## Provided material:
____________
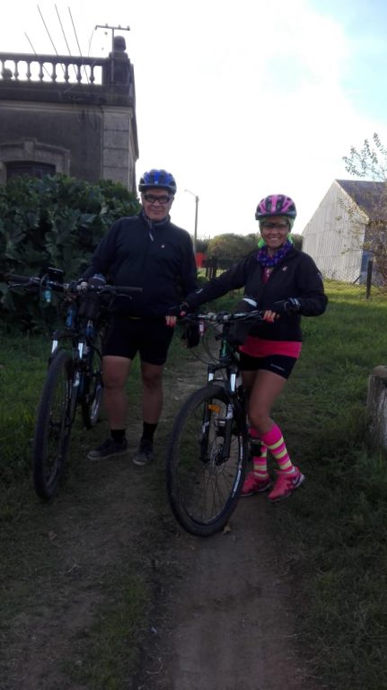 Hoy, estuvieron charlando con una vecina de Villa Moll, (a quien le agradecemos la imágen), Horacio y Claudia. Ellos son de Capital Federal y dicen practicar «Cicloturismo Rural».
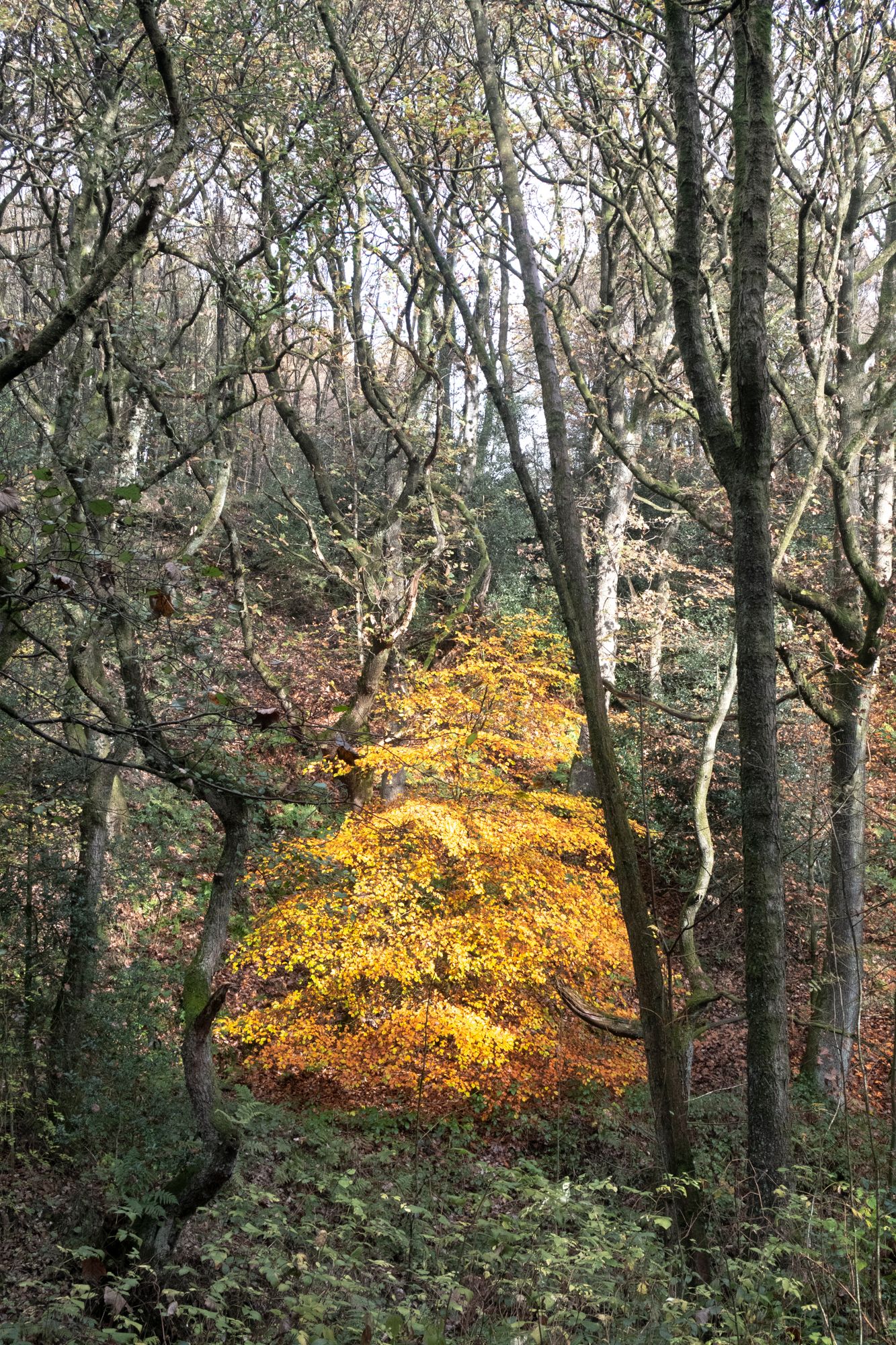 I had an old tea-stained map, but it didn’t correspond with the fifty years encroachment of wild wood since, and it wasn’t long before I found myself foundering in a bewilderment of woody limbs, set like lightning spurs against the day.
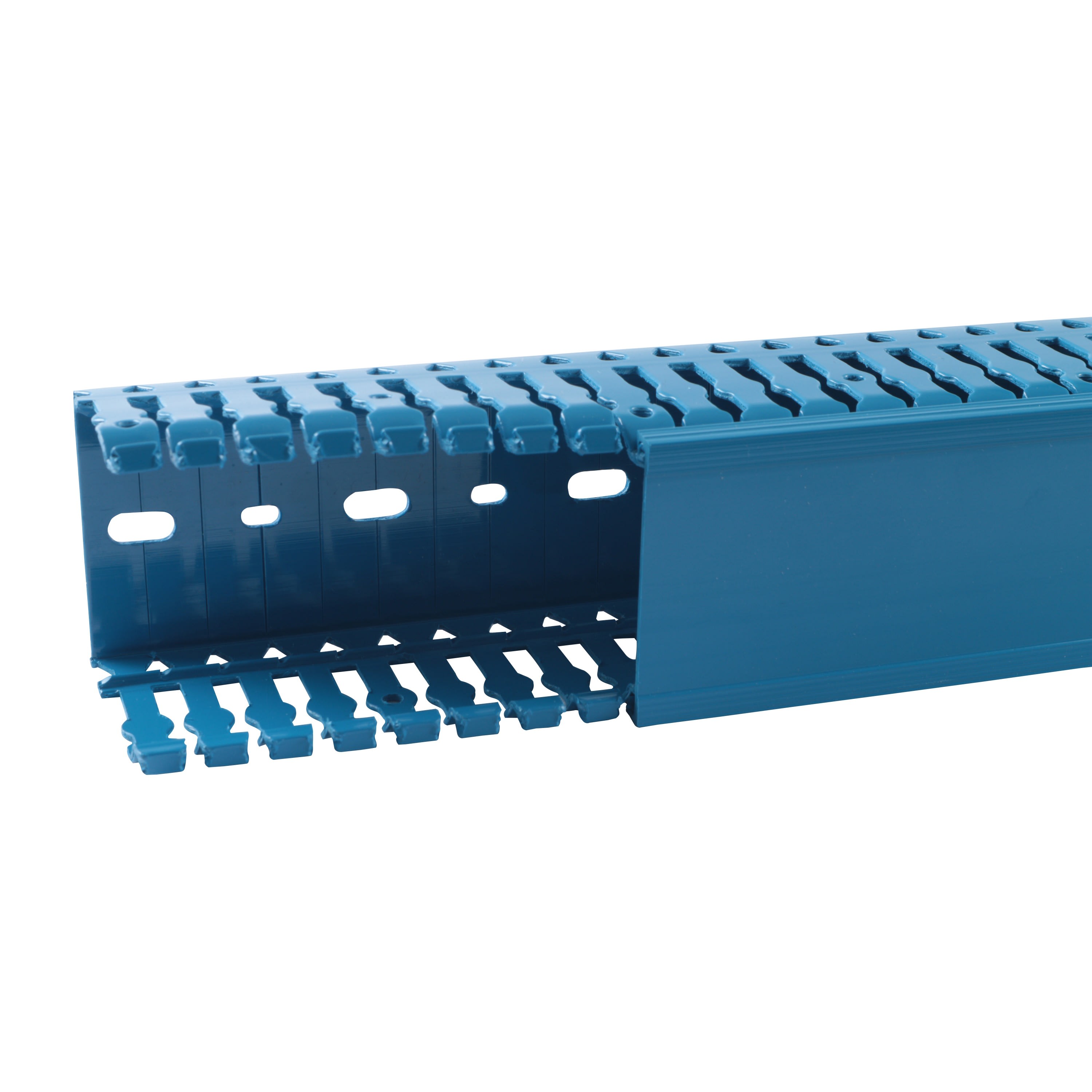 Goulotte sans halogène Bleu - PC/ABS Dimensions : - Largeur 60mm- Hauteur 60mm- Perforations latérales au pas de 12,5mm (6/6,5)- Présenté en longueur de 2m Bandes blanches sur couvercle pour repérage par gravure ou écriture au feutre indélébile Conforme à la norme EN 50085-2-3
____________
## Exercise goal:
For this exercise, reproduce the data above exactly from the line containing "I had an old" through its final line, both ends included, with no pictures in the copy.

## Task response:
 I had an old tea-stained map, but it didn’t correspond with the fifty years encroachment of wild wood since, and it wasn’t long before I found myself foundering in a bewilderment of woody limbs, set like lightning spurs against the day.
 Goulotte sans halogène Bleu - PC/ABS Dimensions : - Largeur 60mm- Hauteur 60mm- Perforations latérales au pas de 12,5mm (6/6,5)- Présenté en longueur de 2m Bandes blanches sur couvercle pour repérage par gravure ou écriture au feutre indélébile Conforme à la norme EN 50085-2-3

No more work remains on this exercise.